__DATASET EXTRACT__.

--- START ---

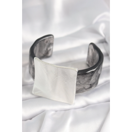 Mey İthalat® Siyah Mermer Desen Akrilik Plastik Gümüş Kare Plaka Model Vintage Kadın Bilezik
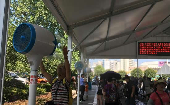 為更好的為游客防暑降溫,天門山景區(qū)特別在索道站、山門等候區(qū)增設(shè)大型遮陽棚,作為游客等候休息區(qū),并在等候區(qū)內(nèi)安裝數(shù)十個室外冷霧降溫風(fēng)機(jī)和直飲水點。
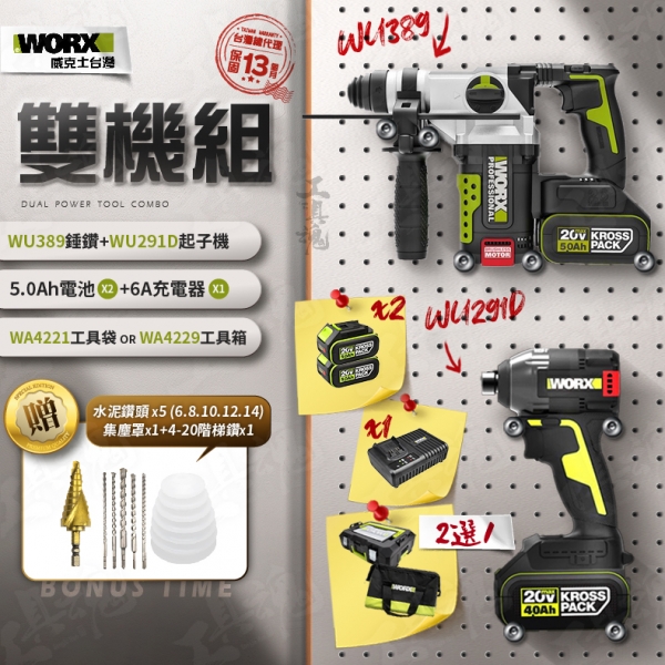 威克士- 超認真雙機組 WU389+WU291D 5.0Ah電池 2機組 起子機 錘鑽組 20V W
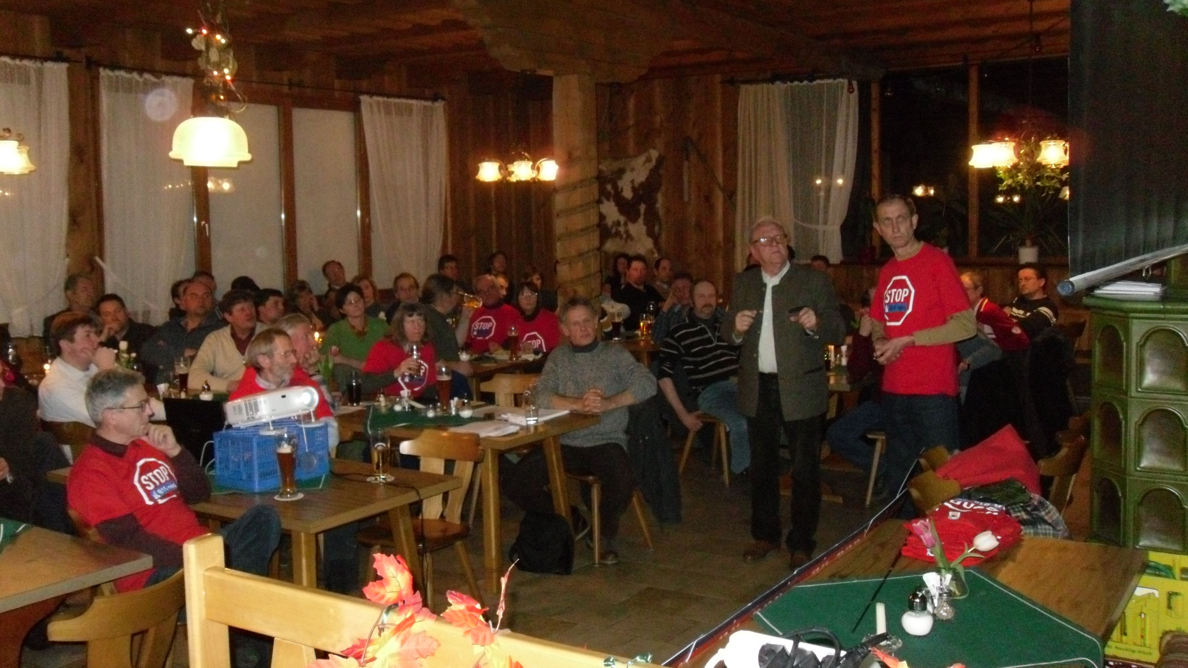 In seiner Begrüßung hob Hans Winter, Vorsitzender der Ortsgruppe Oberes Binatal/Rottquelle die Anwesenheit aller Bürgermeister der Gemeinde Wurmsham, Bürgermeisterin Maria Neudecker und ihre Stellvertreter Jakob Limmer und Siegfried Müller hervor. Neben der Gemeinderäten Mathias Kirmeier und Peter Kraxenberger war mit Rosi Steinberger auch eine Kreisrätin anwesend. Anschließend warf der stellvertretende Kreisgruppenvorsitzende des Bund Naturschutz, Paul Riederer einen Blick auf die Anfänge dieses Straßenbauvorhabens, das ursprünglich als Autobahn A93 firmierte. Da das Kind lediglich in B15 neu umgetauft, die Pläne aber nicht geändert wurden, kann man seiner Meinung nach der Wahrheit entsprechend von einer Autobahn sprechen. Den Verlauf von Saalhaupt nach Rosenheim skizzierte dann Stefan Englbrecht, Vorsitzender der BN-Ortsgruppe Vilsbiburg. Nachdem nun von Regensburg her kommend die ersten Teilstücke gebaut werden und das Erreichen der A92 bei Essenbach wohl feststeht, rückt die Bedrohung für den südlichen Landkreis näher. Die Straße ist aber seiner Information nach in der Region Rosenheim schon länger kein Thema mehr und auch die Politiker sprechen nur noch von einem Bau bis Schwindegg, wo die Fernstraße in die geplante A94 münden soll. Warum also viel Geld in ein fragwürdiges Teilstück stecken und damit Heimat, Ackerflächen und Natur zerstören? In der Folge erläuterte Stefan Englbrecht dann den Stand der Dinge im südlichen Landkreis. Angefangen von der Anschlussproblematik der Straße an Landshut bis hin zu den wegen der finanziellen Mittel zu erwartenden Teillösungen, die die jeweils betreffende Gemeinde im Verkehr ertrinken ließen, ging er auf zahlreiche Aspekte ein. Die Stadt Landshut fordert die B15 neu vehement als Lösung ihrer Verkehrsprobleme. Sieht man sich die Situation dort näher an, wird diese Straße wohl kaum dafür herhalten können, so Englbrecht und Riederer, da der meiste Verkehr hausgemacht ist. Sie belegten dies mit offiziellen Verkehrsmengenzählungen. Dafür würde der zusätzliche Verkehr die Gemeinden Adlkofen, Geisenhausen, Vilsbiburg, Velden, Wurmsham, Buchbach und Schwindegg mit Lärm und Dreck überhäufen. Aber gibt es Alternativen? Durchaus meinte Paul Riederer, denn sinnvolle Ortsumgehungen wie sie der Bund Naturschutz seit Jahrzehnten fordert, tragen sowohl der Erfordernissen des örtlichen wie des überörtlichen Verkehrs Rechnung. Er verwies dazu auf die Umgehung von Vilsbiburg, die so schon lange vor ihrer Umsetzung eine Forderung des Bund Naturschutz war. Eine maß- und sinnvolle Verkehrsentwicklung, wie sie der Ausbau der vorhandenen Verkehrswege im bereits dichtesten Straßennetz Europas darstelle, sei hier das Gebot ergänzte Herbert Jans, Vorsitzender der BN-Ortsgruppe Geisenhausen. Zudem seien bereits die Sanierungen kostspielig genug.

--- END ---

I'd like the lines above repeated exactly, from the one that contains "為更好的為游客防暑降溫,天門" through the one that contains "威克士- 超認真雙機組 WU389+WU291D", with no pictures.

 為更好的為游客防暑降溫,天門山景區(qū)特別在索道站、山門等候區(qū)增設(shè)大型遮陽棚,作為游客等候休息區(qū),并在等候區(qū)內(nèi)安裝數(shù)十個室外冷霧降溫風(fēng)機(jī)和直飲水點。
 威克士- 超認真雙機組 WU389+WU291D 5.0Ah電池 2機組 起子機 錘鑽組 20V W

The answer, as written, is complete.